I'm using Linear Regression in scikit-learn and my dataset contains some cateogorical but numerical features. I mean that there are features such as the value of the district where the house is that are expressed by an integer number between 1 and 7: the more this number is high, the more the house is of value. Should I preprocess a feature that expresses a category (the district of the city) using numbers before Linear Regression with encoders such as OneHotEncoder? Or is it compulsory only when the category is expressed by characters? Thank you in advance..
0
votes
consider if you do one-hot encoding, your dimension increases and it will introduce other problems. one technique to solve the categorical variables problem is to group them and compute the mean of the target variable for each group sort them and replace each category with its rank in sorting.
- hatef Alipoor
@HamedAlipour Thank you for your reply. The approach you suggested seems to be very interesting.
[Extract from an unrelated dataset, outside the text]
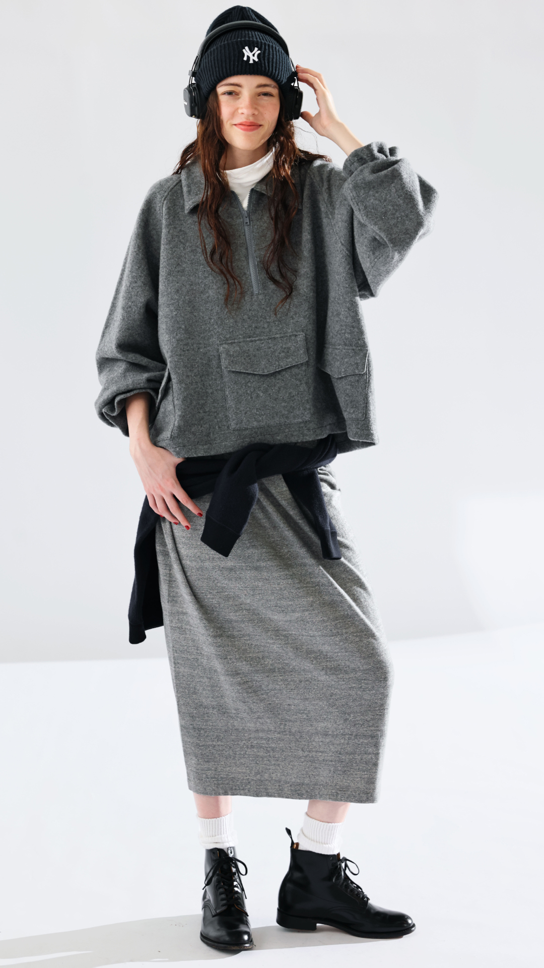 3つの大きなポケットが印象的なプルオーバーは、スポーティでありながらモードな存在感を放つ。そこに合わせるのは、ナチュラルな風合いが魅力のオーガニック素材のスカート。異なる質感の絶妙なバランスが新鮮。

Do you know where I could find an example of this to understand it better?
- kudu exa
you're welcome, I couldn't find the blog describing this approach but take a look at this brendanhasz.github.io/2019/03/04/target-encoding.html and search for "mean encoding"
- hatef Alipoor
1 Answers
0
votes
If I understand correctly, you don't need to one hot encode these since they are ordinal, i.e. there is meaning in the order. If the numbers were product codes, for example, and there was no sense of 7 being "better than" or "more than" 4, then you would want to one-hot encode those variables, but in this case you would be losing information by one-hot encoding.